An Advisers Life – Four Keys To Successful Mentoring Or Coaching

Often times I get emails and questions asking me what I believe it takes to be a good Mentor, Adviser or Coach.  To me it is now just that, Mentoring.  It is no longer the old days when you could simply bark out your order and expect the players to follow.  In the old days, it was as they say, my way or the highway.

Today in order to have long term success, you have to be open to change, and know that no one knows it all.  Today it is about managing personalities, playing styles and parents.

There are four keys to being successful today that I have found;

#1: Take all players seriously.

Of Course you will find the players who have goals they will never achieve.  But you will also find the player who can by shear force of willpower raise his level of play above his talent level.  Good or bad, every player deserves to be taken seriously.  Sometimes that requires hard honesty but sometimes it also involves just listening, and then watching.  Someone took you seriously at some point in order to put you in your position if you are a coach, Adviser or mentor.  Young or old, all players need to be taken seriously.

#2: Under promise and over deliver.

Keep player and staff goals reasonable and attainable.  Do not talk championships, and call ups, in training camp.  Do not talk about first line minutes to any player, talk about earning ice time.  Do not talk about number one goaltender position, talk about earning it.  With lower expectations comes greater enjoyment of every success.

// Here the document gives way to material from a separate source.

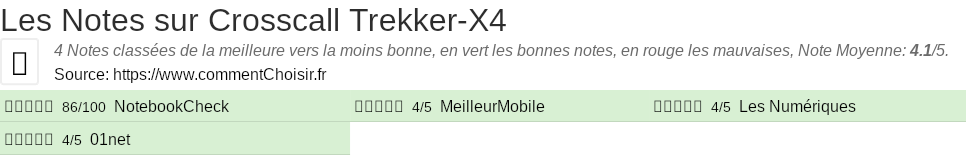 Parmis ces tests des sites & magazines internet spécialisés dans les Téléphone portable, 4 ont donné une note et on obtient une note moyenne de 4.1/5 pour ce produit de Crosscall.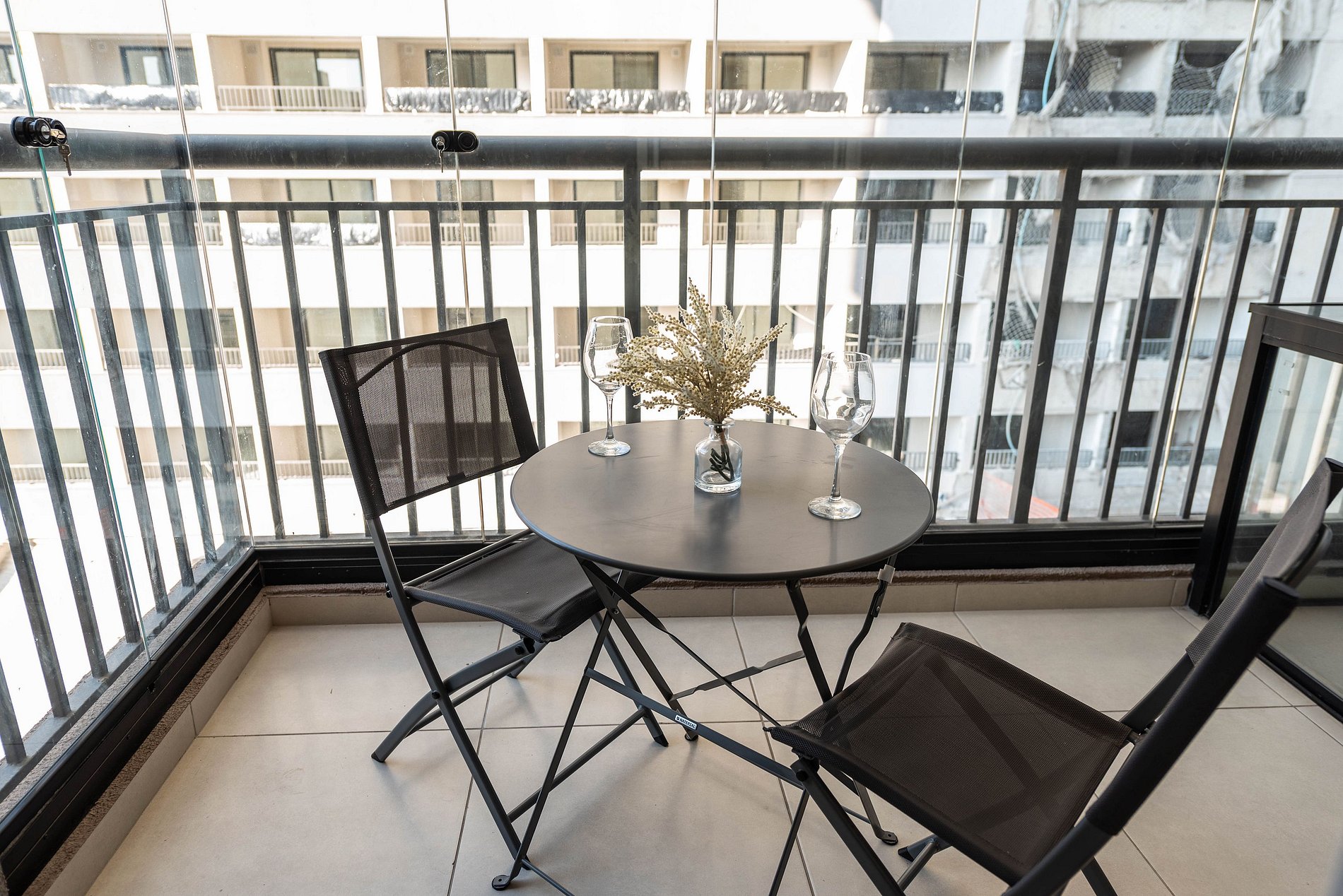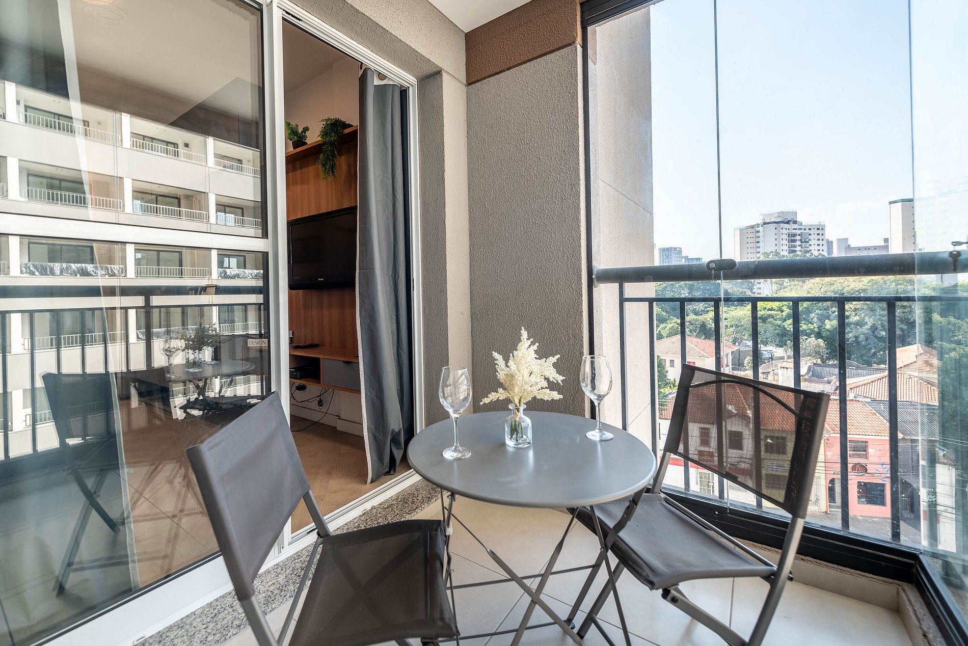 * Uma varanda aconchegante com vista para a cidade, perfeita para relaxar após um dia de passeios ou trabalho

#3: Follow up, even when you may not feel like it.

A Mentor, Coach, or Adviser must learn time management skills.  It is critical in that he learns to find at least a little time each week to follow up with people within his organization, and those players he hopes to one day have in his organization that he has seen in the past.  Answer the emails, and if you can not, pay someone else to do it for you.  Follow up is critical, it is the difference between professional and bush league.

#4: Share wisdom, not cliché’s and meaningless stories.

Hockey is built upon knowledge of the game.  Knowledge is gained from learning by mistakes.  Do not be afraid to talk about failure, as well as success.  Both can be meaningful and teach the young people you work with.  Stop with the cliché’s and the stupid stories that really do nothing but name drop people from your past.  Sharing wisdom and knowledge is very much like being the person reading a story to school children, a good story will keep them engaged and help them learn.

To be sure I am not the know it all, but I have found these four things work for me and have helped me through four decades in the game.  Developing people, not just the player, is what the Mentor, Coach or good Adviser does.  Sure you can be the old style guy today, but you will not get far.  Growth is required from the leaders or the players, and not just the player.